FTSE Fledgling index

Is the flegdling index a little 'safer' than the AIM? Am looking at a couple of companies and one is listed in the fledgling index. I know AIM can be very volatile, but wondered about the fledgling?
Cheers

Comments

  • Masomnia
    Masomnia Posts: 19,506 Forumite
    Part of the Furniture 10,000 Posts Name Dropper
    More risky. More volatility, less liquidity, less regulation (I'd guess, someone might have to clear that up), smaller companies, so more chance of delisting etc.

    Not that it's a bad idea necessarily, but beware the downsides!
    “I could see that, if not actually disgruntled, he was far from being gruntled.” - P.G. Wodehouse
  • Ark_Welder
    Ark_Welder Posts: 1,878 Forumite
    Masomnia wrote: »
    More risky. More volatility, less liquidity, less regulation (I'd guess, someone might have to clear that up), smaller companies, so more chance of delisting etc.

    Not that it's a bad idea necessarily, but beware the downsides!

    There's actually more regulation for companies in the Fledgling index because they are listed on the main market. Companies listed on AIM have less-demanding reporting requirements.

    Whilst AIM does have a couple of companies that would appear in the FTSE100 if they were on the main market, and quite a few that would appear in the FTSE250, the smallest companies are smaller than those in the Fledgling index (according to DigitalLook). The Fledgling index also contains some rather well-known investment trusts (although well-known might be a rather subjective term!)

    FTSE Fledgling
    FTSE AIM All-Share
    Living for tomorrow might mean that you survive the day after.
    It is always different this time. The only thing that is the same is the outcome.
    Portfolios are like personalities - one that is balanced is usually preferable.



  • The FT250 is the best index. It avoid the largest companies of all and it will sell any company that inflates to that size.

    Where as ft100 sells the weakest, it makes more sense to sell high and that strategy seems to reflect in a far sharper graph

    One of the largest trusts in the uk ironically does invest in some small companies, I'd also consider his judgement. Invesco perp
  • Ark_Welder
    Ark_Welder Posts: 1,878 Forumite
    edited 13 August 2013 at 10:50PM
    The FT250 is the best index. It avoid the largest companies of all and it will sell any company that inflates to that size.

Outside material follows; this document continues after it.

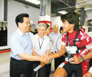 “主席,这位就是黄金宝。”香港体育学院主席李家祥向胡锦涛介绍正在器械上进行体能训练的香港著名自行车运动员黄金宝。胡锦涛走上前去,亲切地同黄金宝握手,仔细询问训练情况,勉励他在比赛场上再创佳绩。

    Therefore, missing out on any growth that occurs once the company is in the lower reaches of the FT100
    Where as ft100 sells the weakest...

    So does the FT250, which also has to sell those companies that fall below the 350th (or thereabouts) position when ranked by the market cap size.


    [edit] 'Trackers', doing the selling....!
    Living for tomorrow might mean that you survive the day after.
    It is always different this time. The only thing that is the same is the outcome.
    Portfolios are like personalities - one that is balanced is usually preferable.



  • bowlhead99
    bowlhead99 Posts: 12,295 Forumite
    Part of the Furniture 10,000 Posts Name Dropper Post of the Month
    Masomnia wrote: »
    More risky. More volatility, less liquidity, less regulation (I'd guess, someone might have to clear that up), smaller companies, so more chance of delisting etc.

    Not quite. The companies in the fledgling index are the ones on the main market that are too small or too thinly traded to qualify for inclusion in the small-cap index.

    You are right they may be volatile with large spreads but they are still main market rather than AIM and so they have to follow the listing rules to maintain their listing- while AIM companies follow the lighter-touch regulation of that market.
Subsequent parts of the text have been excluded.